Reading in Black and White

            As an author, I hesitate to share why I wrote my novel, Seen.

            As my longtime writing mentor and friend, John Boles, has taught me, “It doesn’t matter what you intend; what matters is what people get from the page.” His workshops have helped me get my pages much closer to what I want to bring into the world, which makes my next sentence most ironic.

            It’s a reader who misread me who is now grappling head-on with one of the major themes of my book: What happens when a well-respected, conscientious cop tries to do everything right, and everything goes to hell anyway?

            Does it matter whether that well-respected, conscientious cop is white? Or Black?

            According to one brutally honest reader of mine, yes. Yes, it does.

            I’ve promised to keep them anonymous, my reader, so I’m using the gender nonspecific pronoun “they.”

They are left-of-center in their politics. They have a compassionate heart and were considerably worried about my young protagonist, Jason, so they had to pause their reading after they started. They “cheated,” peeking into later chapters to make sure Jason didn’t die. (Jason lives.)

It’s a fast-paced book, I’m told, and this reader sped through it.

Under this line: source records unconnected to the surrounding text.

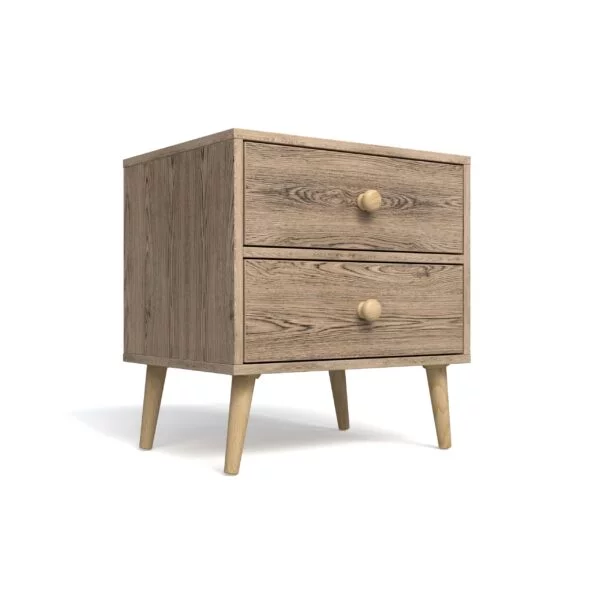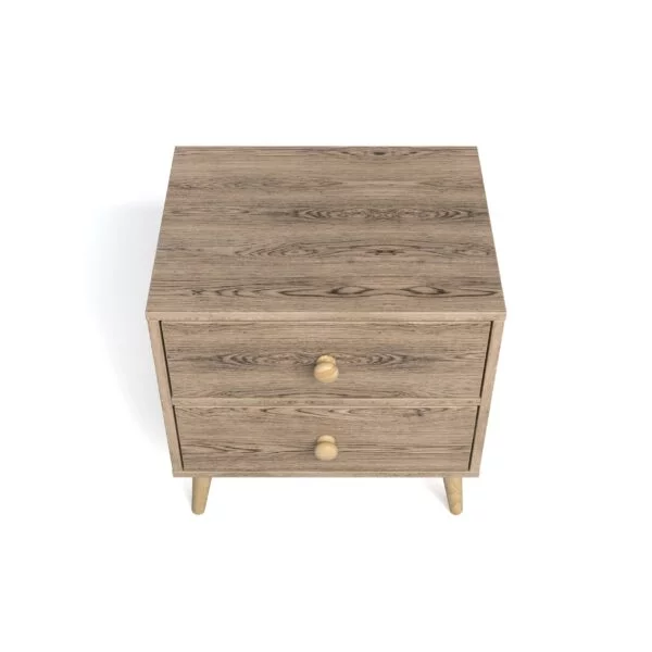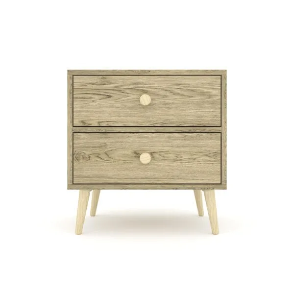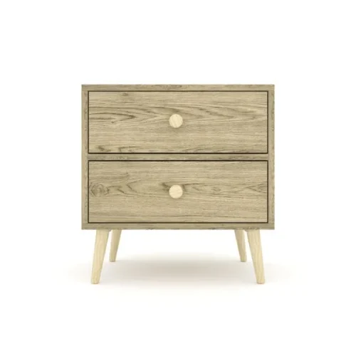 Crafted with a premium Alegria textured melamine finish, and complemented by unfinished rustic pine legs and handles, this piece offers a balanced blend of modern utility and natural warmth. The two spacious drawers glide smoothly on ball bearing runners, keeping all your nighttime essentials organized and within easy reach.
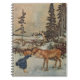 Vintage Reindeer Girl Winter Snow Scene Poster Notebook
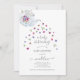 convite de festas de chá chá de fraldas com um bule de chá saindo flores que rodeiam lindas caligrafias. O ditado é "UM BEBÊ ESTÁ SE REPRODUZINDO." Que design doce para a sua festa de chá! Veja a coordenação de itens no nosso compro, Encantado Finch.
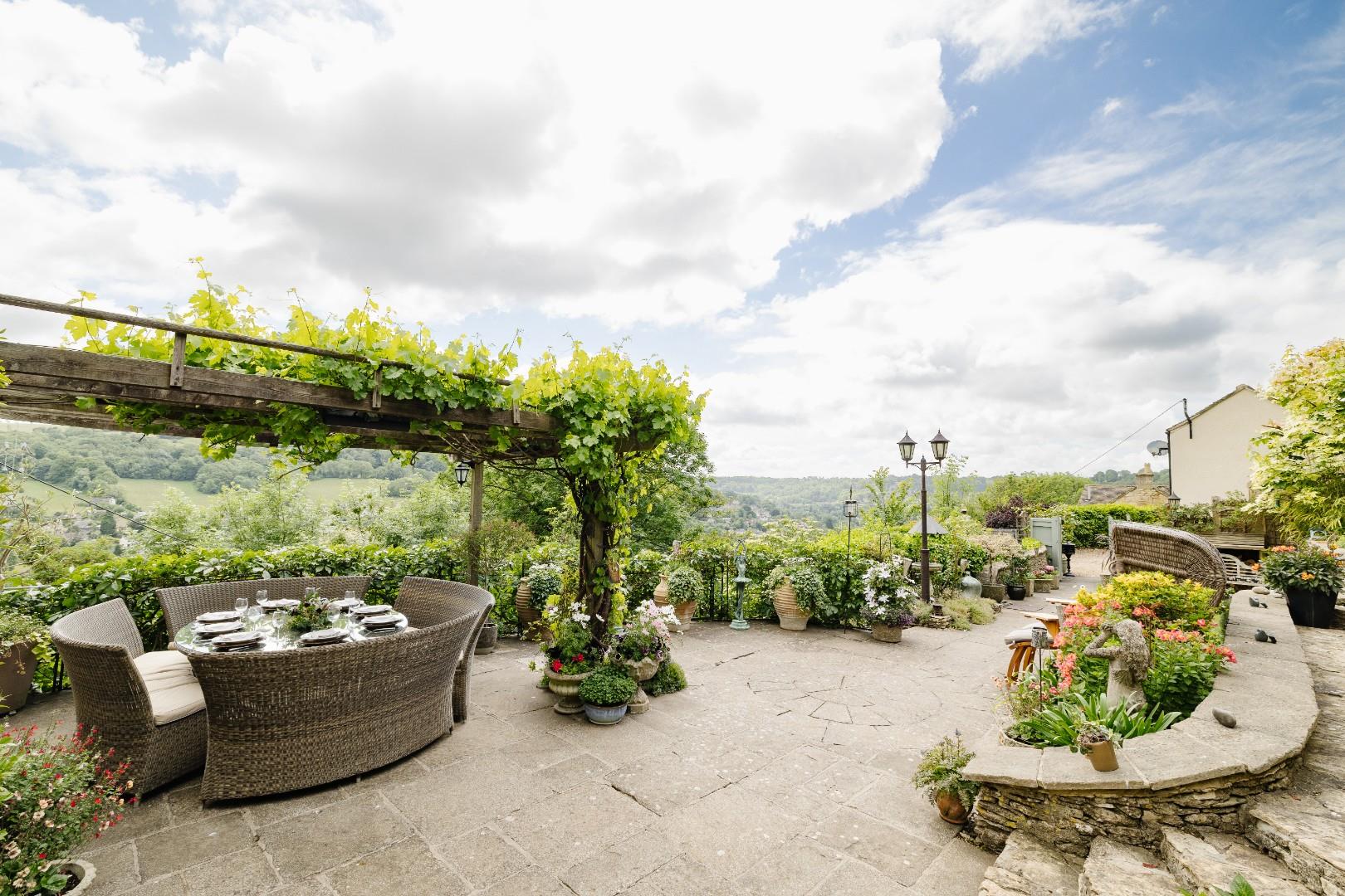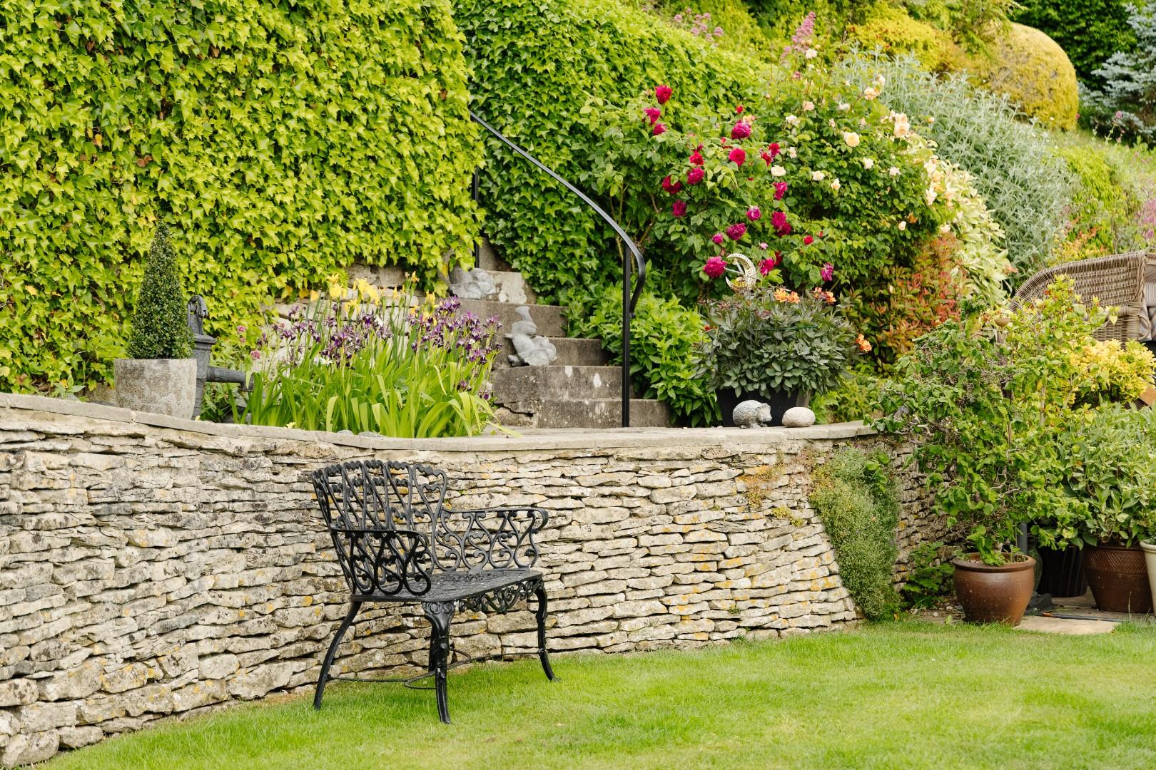 The grounds have been thoughtfully landscaped to deliver both visual impact and a deep sense of tranquility. Set into the hillside, the gardens at Fort William are a true highlight, across tiered levels, the outdoor space blends formal structure with cottage garden charm. Throughout colourful borders rich with roses, irises, peonies, and flowering shrubs that bring seasonal scent and texture. Stone steps rise elegantly through lush planting, framed by dry-stone walls and ivy-covered terraces that create a timeless, secluded atmosphere. A chipping pathway winds through green zones and secret seating spots, while sculpted box, ornamental grasses, and well-placed planters bring a balance of wild beauty and structured elegance. A private terrace, ideal for morning coffee or evening dining, sits at the lower level, offering space for outdoor entertaining and quiet reflection alike. The panoramic views are simply exceptional, sweeping across the Cotswold valley with its rolling hills, treetops, and scattered village rooftops. Whether from the kitchen, terrace, or upper floors, the outlook stretches uninterrupted to the horizon, capturing golden morning light and long summer sunsets. This sense of elevation and privacy enhances the serenity of the home, making it feel both connected to nature and wonderfully removed from the bustle of everyday life. Mature trees and hedging provide natural screening.
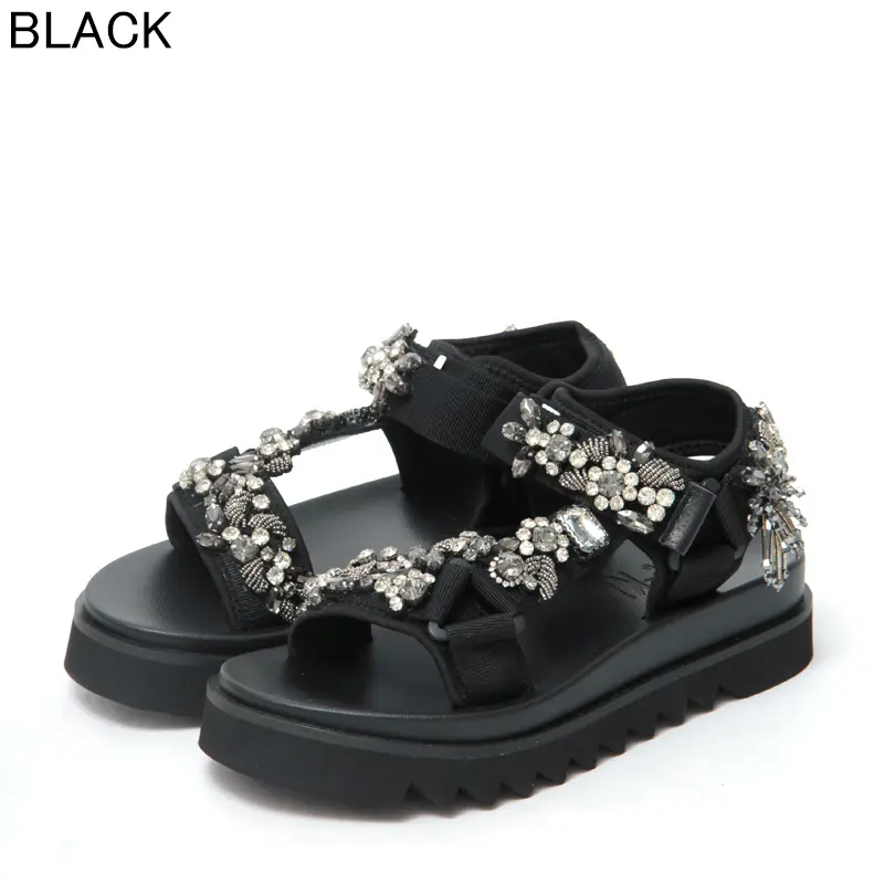 NAN-KU Couture ナンク クチュール ビジュー付き 厚底 サンダル BLACK
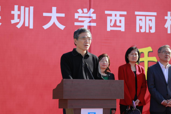 李清泉在仪式上致辞,他说,西丽校区二期建设对于乐竞平台的发展非常重要,二期建设主要包括要建设内容包括中央图书馆综合楼、法商学部、行政办公与专职科研用房、公共教学楼、北区宿舍、食堂及留学生生活用房共16栋建筑。他感谢各部门的支持,期待乐竞平台西丽校区二期工程建设能精益求精,成为精品,为学校高水平大学建设发展做出贡献。
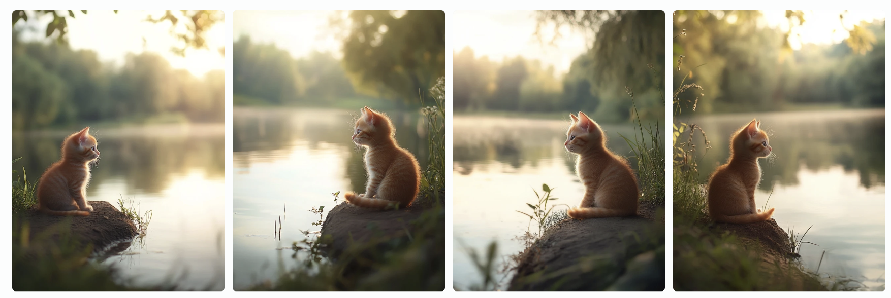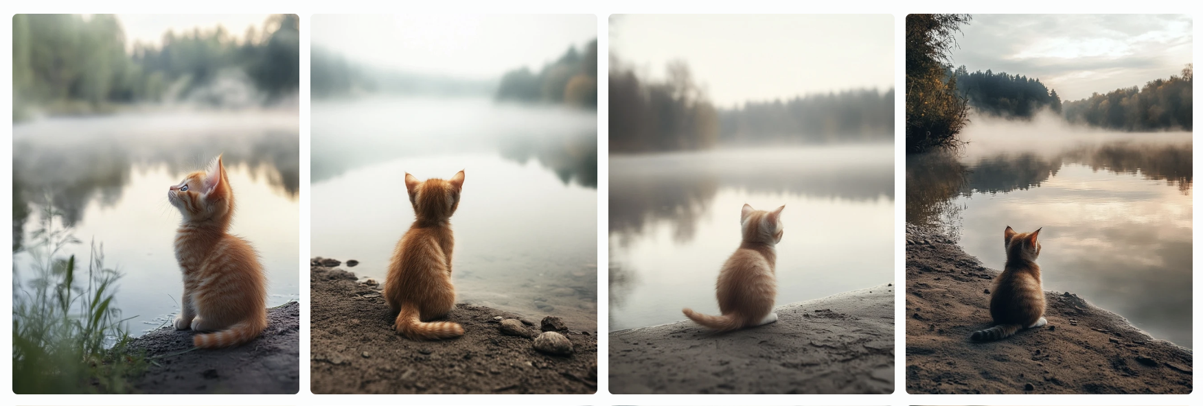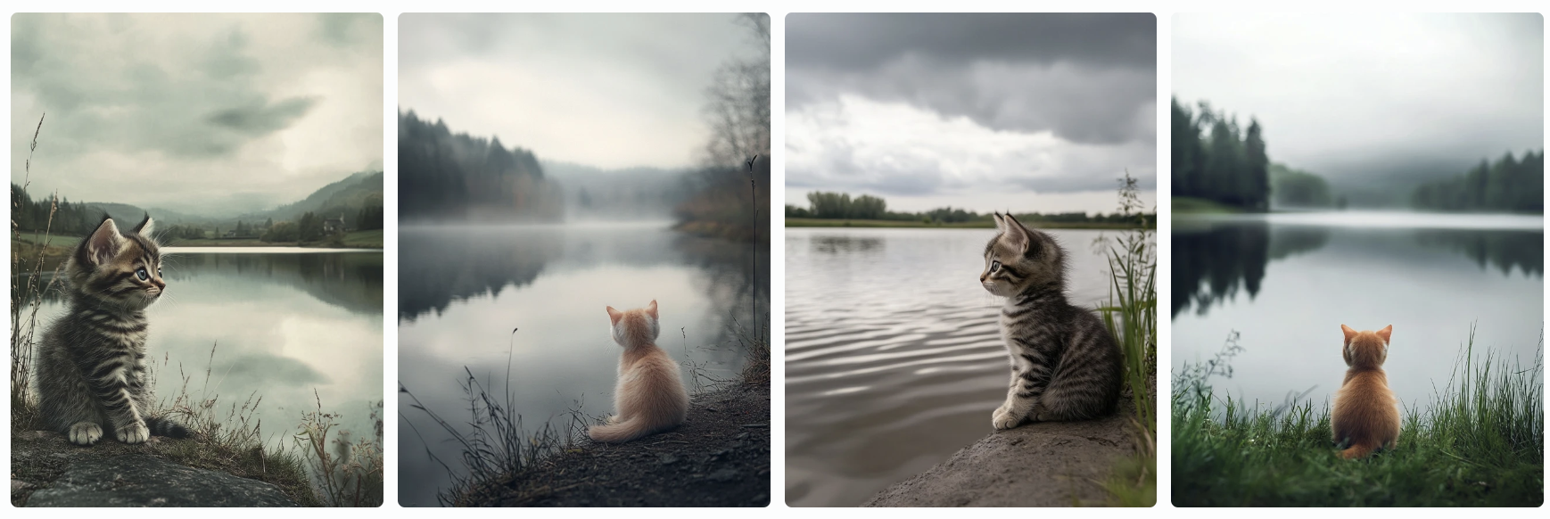 • 프롬프트 예시: “A baby kitten sitting by a calm lake, overcast sky, cloudy afternoon, Real photo images, fine detail”

They missed something that was there in the beginning—something they stumbled upon in the end.

The lead homicide detective in Seen, Detective Sergeant John Marshall, is Black.

My reader was honest enough to admit that learning the character is Black gave them pause. They had to stop and reevaluate how they felt about him.

They didn’t say it, but their implication was clear: As a liberal, they had an easier time disliking a white cop than they would have had they realized he was Black, all along.

As an author, I’ve been bowled over by the 4.99-star cumulative Amazon ratings from people I’ve never met. I’ve been overcome by the complimentary words of friends and acquaintances on social media, some of whom I know personally, others of whom I do not.

But the most powerful compliment I have gotten so far was from a reader who missed something, they admit, because of their own biases—a reader who is now grappling with one of my largest themes.

It’s easy to vilify others. It’s harder to look at a person in their complexity and understand how the culture we all grew up in, deep-dyed in our nation’s original sin, can subtly sweep things in the wrong direction.

How is it, we in our humanness, can truly believe we’re doing everything right, giving everything our best, moment by moment, and still have everything go so wrong? And what do we do when the truth of it all comes to light?

Thank you, reader, for your brutal honesty. These are exactly the conversations I would love for Seen to generate.